The XSD that I'm using to parse the xml is:
<xs:schema attributeFormDefault="unqualified" elementFormDefault="qualified" xmlns:xs="http://www.w3.org/2001/XMLSchema">
<xs:element name="note">
<xs:complexType>
<xs:sequence>
<xs:element type="xs:string" name="from"/>
<xs:element type="xs:string" name="to"/>
<xs:element type="xs:string" name="message"/>
</xs:sequence>
</xs:complexType>
</xs:element>
</xs:schema>
While the XML in the column present as string is as below, with every tag correctly populated:
<?xml version="1.0" encoding="UTF-8"?>
<note>
<from>Jani</from>
<to>Tove</to>
<message>Remember me this weekend</message>
</note>
My spark code written in scala is something like this:
// XML Schema
val schema = XSDToSchema.read("<the XSD as string>")
// Spark Structured Streaming (N.b. the column value contains the xml as string)
import spark.implicits._
var df = initSource(spark)
.withColumn("parsed", from_xml($"value", schema,
Map(
"mode" -> "FAILFAST",
"nullValue"-> "",
"rowTag" -> "note",
"ignoreSurroundingSpaces" -> "true"
)
))
.select($"value",$"parsed.note.from", $"parsed.note.to", $"parsed.note.message")
.writeStream
.format("console")
// .option("mode", "FAILFAST")
// .option("nullValue", "")
// .option("rowTag", "note")
// .option("ignoreSurroundingSpaces","true")
.outputMode("append")
.start()
.awaitTermination(30*1000)
Printing the schema of this dataFrame (before the select statement) would give the expected schema
root
|-- value: string (nullable = true)
|-- parsed: struct (nullable = true)
| |-- note: struct (nullable = false)
| | |-- from: string (nullable = false)
| | |-- to: string (nullable = false)
| | |-- message: string (nullable = false)
But when printing in console the result, all I get are null
values like below:
....
-------------------------------------------
Batch: 0
-------------------------------------------
+--------------------+----+----+-------+
| value|from| to|message|
+--------------------+----+----+-------+
|<?xml version="1....|null|null| null|
|<?xml version="1....|null|null| null|
|<?xml version="1....|null|null| null|
....
I don't think it is relevant but the source of this xml column is from reading a Kafka topic defined as below:
def initSource(spark: SparkSession) : DataFrame = {
spark.readStream
.format("kafka")
.option("kafka.bootstrap.servers", "localhost:9092")

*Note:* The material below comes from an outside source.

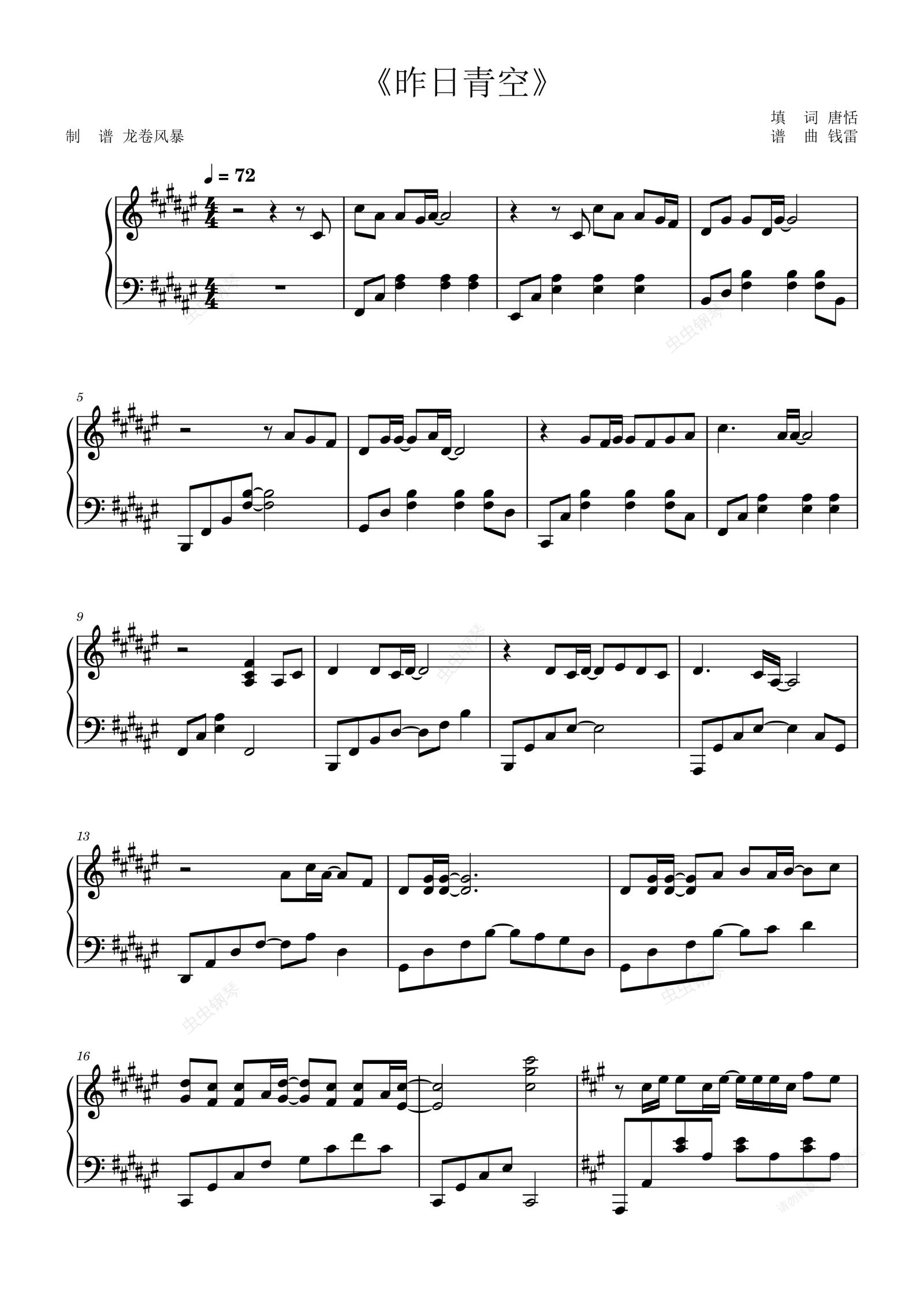 钢琴谱:《昨日青空》尤长靖(超唯美版)

.option("startingoffsets", "earliest")
.option("subscribe", "my-test-topic")
.load()
.selectExpr("CAST(value AS STRING)")
}
Has anyone else experienced this problem and solved it? I'm running out of options, I would really appreciate a hint on this :)
The version of spark-xml I'm using is the latest one atm, 0.12.0
with spark 3.1.1
.
Update
I was passing the spark-xml options wrongly after calling writeStream
, instead they need to be passed as a 3rd parameter of the from_xml
function. I still get only null values tho...